Yemen's Houthis escalate crackdown
In their latest wave of arrests, Houthi rebels in Yemen have jailed scores of people for celebrating a national holiday on what the Iran-backed militia considers the wrong date.
"Since 1962, Yemenis have celebrated September 26 as the birth of the Yemen Arab Republic," said Thomas Juneau, a Middle East analyst and professor at the University of Ottawa in Canada.
"However, for the Houthis, that date symbolically marks a very clear threat to their legitimacy," he said, adding that "any celebration of September 26 can be perceived as a call for a return to a republican Yemen, which is antithetical to what the Houthis stand for."
Instead, the Houthis have sought to enforce September 21 as the country's national holiday.
On that day in 2014, the militia — which was redesignated as terror organization by the US in January 2024 — took over Yemen's capital, Sanaa.
Yemeni civilians have been bearing the brunt of the brutal war for the past decade.
Around half of the 38.5 million population depends on humanitarian aid, hunger is on the rise and severe levels of food deprivation have doubled in Houthi-controlled areas since last year, Joyce Msuya, a senior official in the UN aid coordination office, said in October.

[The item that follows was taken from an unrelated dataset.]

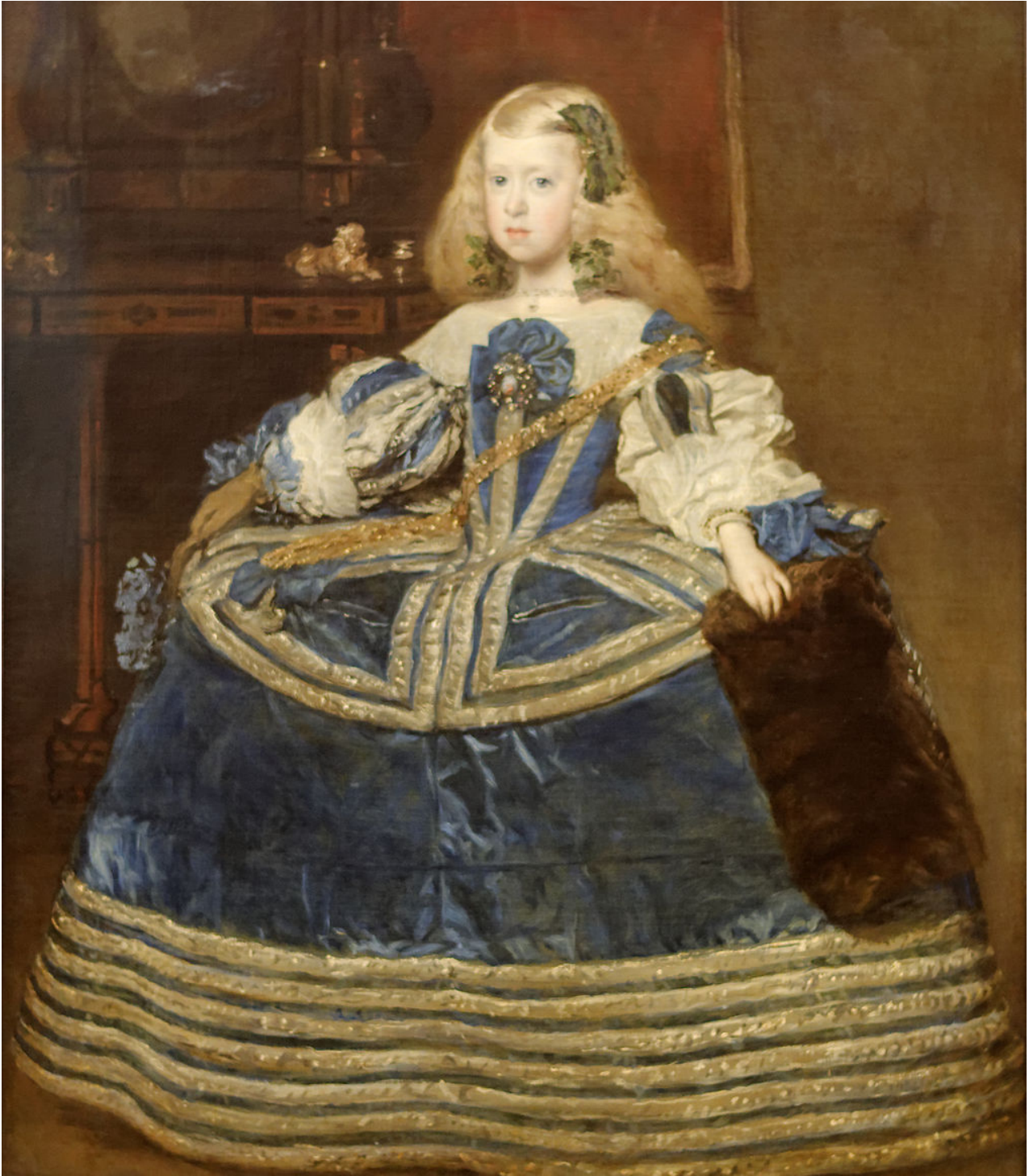
Marguerite Thérèse d'Autriche

The United Nations and human rights organizations have repeatedly pointed out that Yemenis are suffering under one of the world's worst humanitarian crises, which has already killed hundreds of thousands of people. And the country's humanitarian situation is likely to worsen in the near future.
Since May, the Houthis have been arresting an increasing number of international staff. Around 50 members of the UN, humanitarian organizations and civil society staff have been arbitrarily detained and forcibly disappeared, Human Rights Watch and the United Nations confirmed in October.
"The arbitrary detention of humanitarian personnel and the false accusations against them continue to significantly hinder our ability to provide life-saving humanitarian assistance in Yemen," said Msuya on October 15.